Tom Bennett is the TES adviser on behaviour and a teacher at Raines Foundation, an inner city state school in Tower Hamlets. He regularly supports teachers on TES through our behaviour forum and monthly newsletters on behaviour.

Christmas is coming! Look busy

Last week I wrote about the need to keep the lessons going until practically the last minute, so as not to give the impression that you don’t give a damn, or that education is disposable. We’ll take that as read. This week I want to look at some simple things we need to keep our eyes on as the end of the Autumn term approaches (and if anyone can tell me why it’s the Autumn term and not Winter, I’d be delighted to know. Is it some kind of positive thinking sleight-of-hand?). The end of the year sees many teachers slouching towards Bethlehem, dragging their hides to the finishing line. New teachers, shell-shocked and soaked in anxiety, can see only the finishing line; older teachers, ruined by mock examinations, revision clubs and assessment, pray for the two-week cease fire. What’s being overlooked in the last desperate weeks as we tumble into Christmas?

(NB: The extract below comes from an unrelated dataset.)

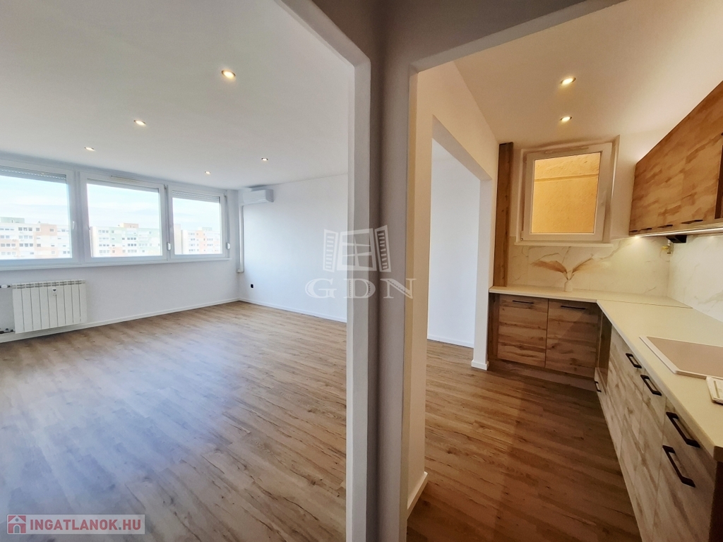 Az Újváros parkban, egy 10 emeletes, rendezett és szigetelt panelház 9. emeletén található ez a 46 m²-es, napfényes kétszobás lakás, amely teljes generál felújításon esett át.
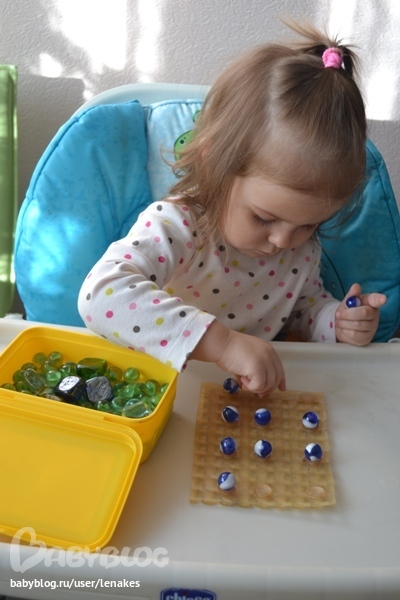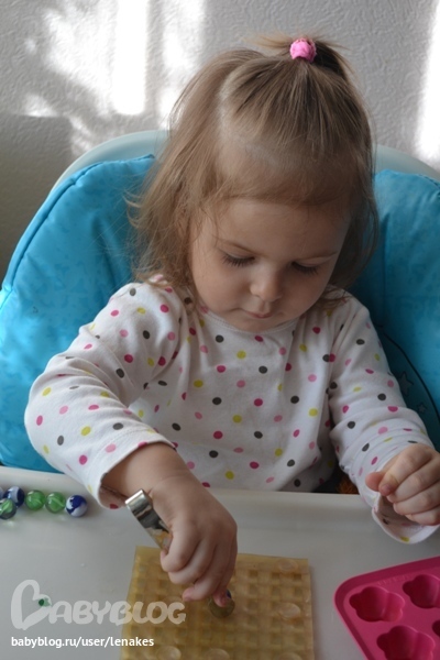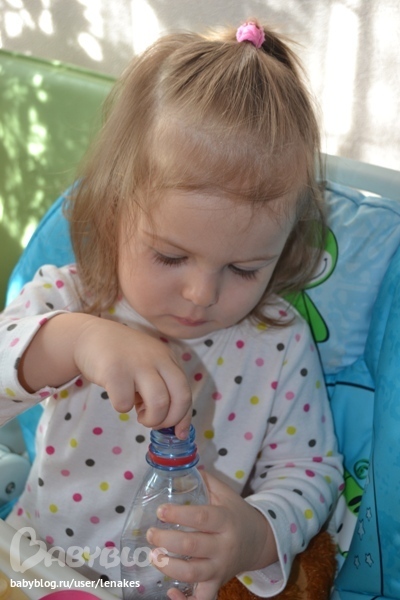 Увидев на столе бутылку, Настюшкин ее попросила и начала кидать туда шарики. Это занятие ее надолго увлекло. А я и рада, тренируем наши пальчики.

  1. Keep your systems tight. Consistency is the key to effective behaviour management. They need to know that your word is your bond, and when you say something, you mean it. So if, in the last few weeks you set a detention, or arrange a parental meeting, and the carol service gets in the way, then don’t be a behaviour pansy - record it, reschedule, and set it for a date in the New Year. You heard me. Clean slates are only achieved when bills are paid, and if you ‘forget’ a sanction because it falls over a significant holiday season, you teach the children that there are lucky times of the year, and unlucky ones. Keep your promises, and they will think you’re such and incredible hard ass that, this Christmas, they’ll believe in one thing - your tenacity.
  2. On that note, don’t excuse behaviour because you’re in ‘soft time,’ where DVDs and odd games start to appear. If a student is horrible to you or anyone else, then don’t give in to the temptation to forgive, in an imitation of the divine; vice must be policed every day of the year, and you’re paid to do it on the last day of term as much as the first.
  3. When the school whistle blows - (I like to imagine it’s like an enormous factory of dreams) then you need to do one thing with all those lists of detainees and varlets: forget it for a few weeks. There aren’t many jobs that ask for such a mortgage on our emotions and our souls. Sure, we get holidays I can only describe as utopian, but there’s a reason for that: we run on fumes for half the year, and need a chance to recharge. So be good for yourself, and put school as FAR behind you as possible for a week or two. If you have work that HAS to be done then lock it in a time capsule marked January the 1st. Look after yourself. Look after other people.